Ohhh, the VTAS. What a system.
The main unit sat under the RIO's seat, I think. In the A-4, obviously, only 1 seat, the pilot's.
Not very big, maybe 5 lbs. Almost invariably, the problems it had involved a burnt wire under the cards. The cards were surprizingly reliable. There were a few thousand wires, connecting everything to everything else on the bottom of the VTAS. Pull off the bottom plate, and there they all are. A couple dozen small, Phillip's head screws to pull the bottom plate. Small little things.
All of the wires were white. None of them marked in any way. Easy, huh? We would spend hours tracing the wires from point A to point B, making sure we had the right one. The white wire, naturally. A couple times the size of a hair. VERY easy to break. Very weak.
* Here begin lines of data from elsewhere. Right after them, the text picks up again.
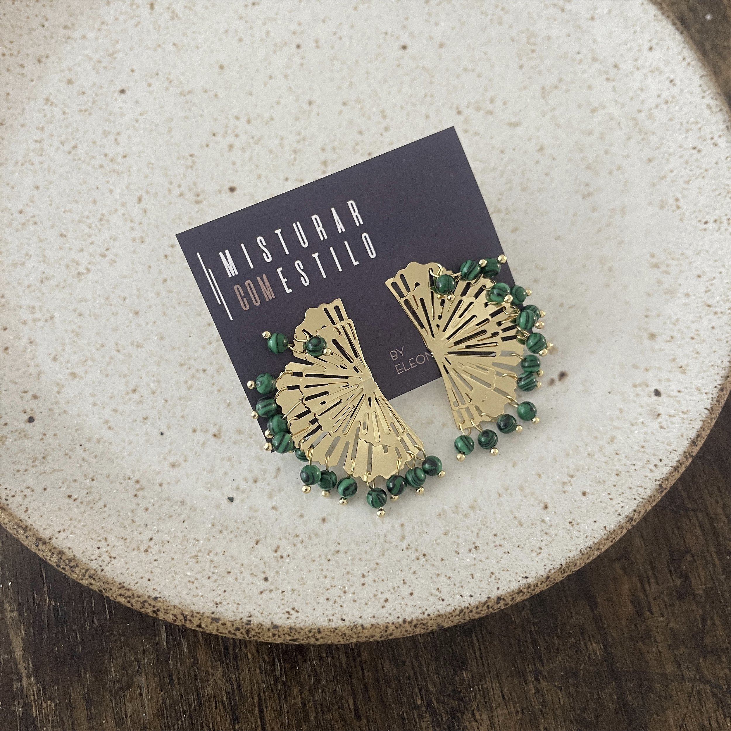 brinco leque vazado com cristais malaquita , dourado - semijoia
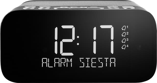 Siesta s6 er mer enn en førsteklasses nattbordsradio. Våkne til den krystallklare lyden av din favorittradiostasjon, enten det er dab/dab+ eller fm, eller nyt favorittmusikken på smarttelefonen eller nettbrettet via bluetooth. Med det store crystalvue+-displayet uten kanter vår hittil skarpeste skjerm i serien, er det lett å lese klokkeslettet eller radioinformasjonen uansett hvor du befinner deg i rommet. Brukervennlige kontroller med bakgrunnslys og et stort berøringssensitivt felt for slumrefunksjon sørger for at du kan betjene siesta s6 med noen få berøringer. Den har også en innebygd usb-port for lading av dine mobile enheter og en hodetelefonutgang for private lytteopplevelser. Siesta s6 er produsert av spesielt utvalgte materialer som bidrar til en luksuriøs og sofistikert stil i soverommet. Bluetooth-tilkobling bruk siesta s6 som en trådløs høyttaler med fantastisk lyd, og strøm lyd komfortabelt fra sengen. Dette er mulig via smarttelefon, bærbar datamaskin eller nettbrett. Siesta-knappen tidsuret til siesta betjenes med én knapp, slik at du raskt kan ta en lur uten å måtte gå gjennom hele prosedyren for alarminnstilling. Det er bare å trykke på """"siesta"""" én eller flere ganger for å aktivere en """"power nap"""" fra 5 minutter med varierende trinn opptil 90 minutter. Alarmlyden utløses, slik at du kan våkne uthvilt når den angitte tiden er gått! Crystalvue+-display det store, ultraklare displayet med bred synsvinkel har automatisk dimming og er det skarpeste hittil i siesta-serien. Displaylysstyrken kan stilles inn slik at den justeres automatisk, slik at det blir lett å lese klokkeslett eller radioinformasjon uansett hvor man befinner seg i rommet. Med redusert skjermblending og klare sifre er crystalvue+-displayet alltid synlig også i de mørkeste omgivelser, noe som bidrar til en god natts søvn. Usb-port for lading av enhetene dine hold telefonen, nettbrettet eller andre enheter fulladet når de er koblet til den innebygde usb powerport, slik at de alltid er klare til bruk. Imponerende lyd siesta s6 har en 2,5"""" bredbåndhøyttaler som drives av en digital forsterker for å gi høy imponerende lydkvalitet fra en kompakt klokkeradio. Innstillingen av bass og diskant kan tilpasses for optimal lytteopplevelse. Kontroller som alltid er synlige med praktisk, berøringssensitivt snoozetouch-felt for slumring av alarm og brukervennlige knapper med bakgrunnslys er siesta s6 enkel å betjene, også når det er helt mørkt i omgivelsene. Flere stasjoner, digital kvalitet dab digitalradio gir deg et omfattende innhold med lyd av høy digital kvalitet, hvorav mye kun er tilgjengelig på digitalradio. Dab-/dab+-radioer finner automatisk alle tilgjengelige stasjoner og lar deg selv velge dem etter navn. Du har også tilgang til fm for de stasjonene som foreløpig ikke har blitt digitale. Tekniske spesifikasjoner: radio: digital (dab/dab+) og fm frekvenser: dab/dab+, fm 87.5 - 108mhz bluetooth: bluetooth v4.0 driftsfrekvensområde: 2402 - 2480 mhz maksimal utgangseffekt: < + 4 dbm (eirp) høyttaler: bredbånd 2,5""""-driverenhet skjerm: crystalvue+ lcd display forhåndsinnstillinger: 40 (20 digitale og 20 fm) innganger: 5,5 v (2 a) micro-usb-strømstøpsel (også for programvareoppdateringer) utganger: usb-a (1 a) utgang for lading av telefon eller nettbrett, 3,5 mm utgang for hodetelefoner antenne: ledningsantenne
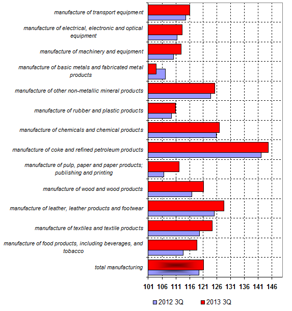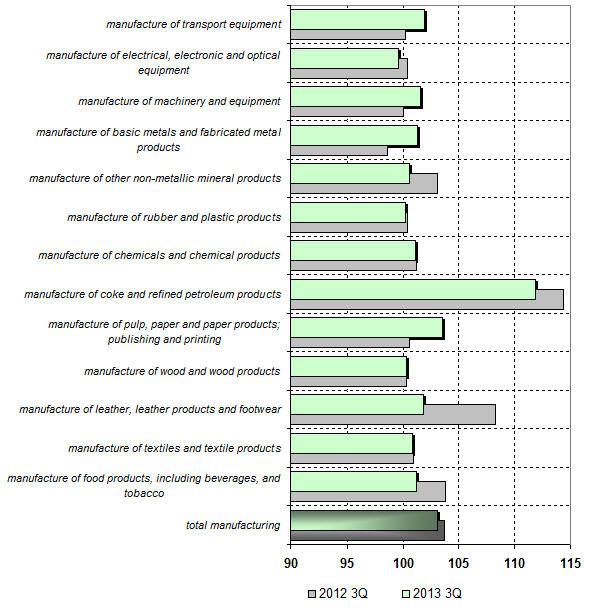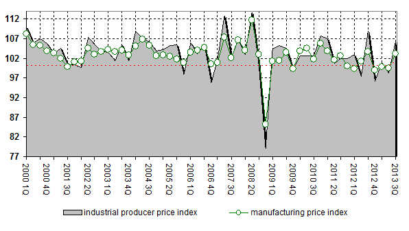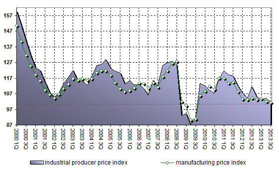 Manufacturing industry producer price index is 103.1% of previous period and 101.5% of corresponding period of previous year for 3-rd Quarter of 2013. Numbers are 103.7% and 104.3% for 3-rd Quarter of 2012 correspondingly.
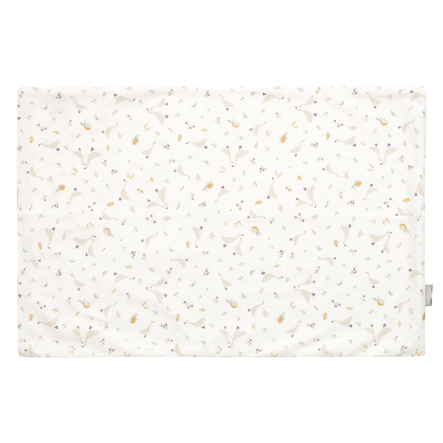 - Design réversible : Une face en coton imprimé avec des motifs d'oies, baies et fleurs, et l'autre en gaze de coton unie blanche pour un look minimaliste et élégant.
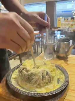 Their specialty #Chicken Egg Lava Fried Rice comes in different flavors. When served, the staff helps add the egg sauce and cheese, then stir-fries the rice right in front of you. The egg sauce melts into the fried rice, creating a smooth texture. The cheese pulls as you eat, and the chicken remains tender. The Korean-style seasoned fried rice is very flavorful when eaten hot.
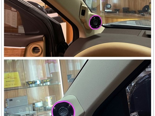 勁浪烏托邦高音喇叭倒模安裝在A柱的整體效果,加上氛圍燈的點綴,車內氛圍感立即拉滿!
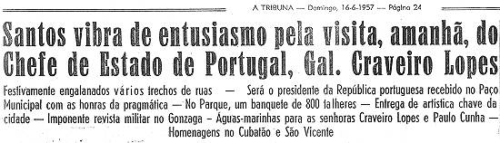 - Imponente revista militar no Gonzaga - Águas-marinhas para as senhoras Craveiro Lopes e Paulo Cunha - Homenagens no Cubatão e São Vicente

Pretty easy to see, usually, which wires burned through. No problem. It was the white wire

They even made them a wire-wrap setup, so they are pretty easy to replace. Little electric drill looking device, zip unwrap the old, zip, wrap on the new. Of course, you had to be careful. It seemed like the burnt wires were always on the bottom of the post, so you had to replace a couple wires along with the burnt wires. No unwrapping a wire and re-wrapping it. You take it off, you replace it. We had a few spools of the stuff laying around, and we would go through a 100' spool on a single unit. Make sure there is no tag end sticking out. It WILL contact another post, and FFFttt. Start over.
You know. The white wire

And make absolutely sure the additional wires you replace go to the right place! One mistake, fffft! More burnt wires. The whole thing starts over.
A really fun system to work on. Is the sarcasm coming through ok?
Have fun all! It IS a truly great airplane. Extremely well done, inside and out, paint and systems.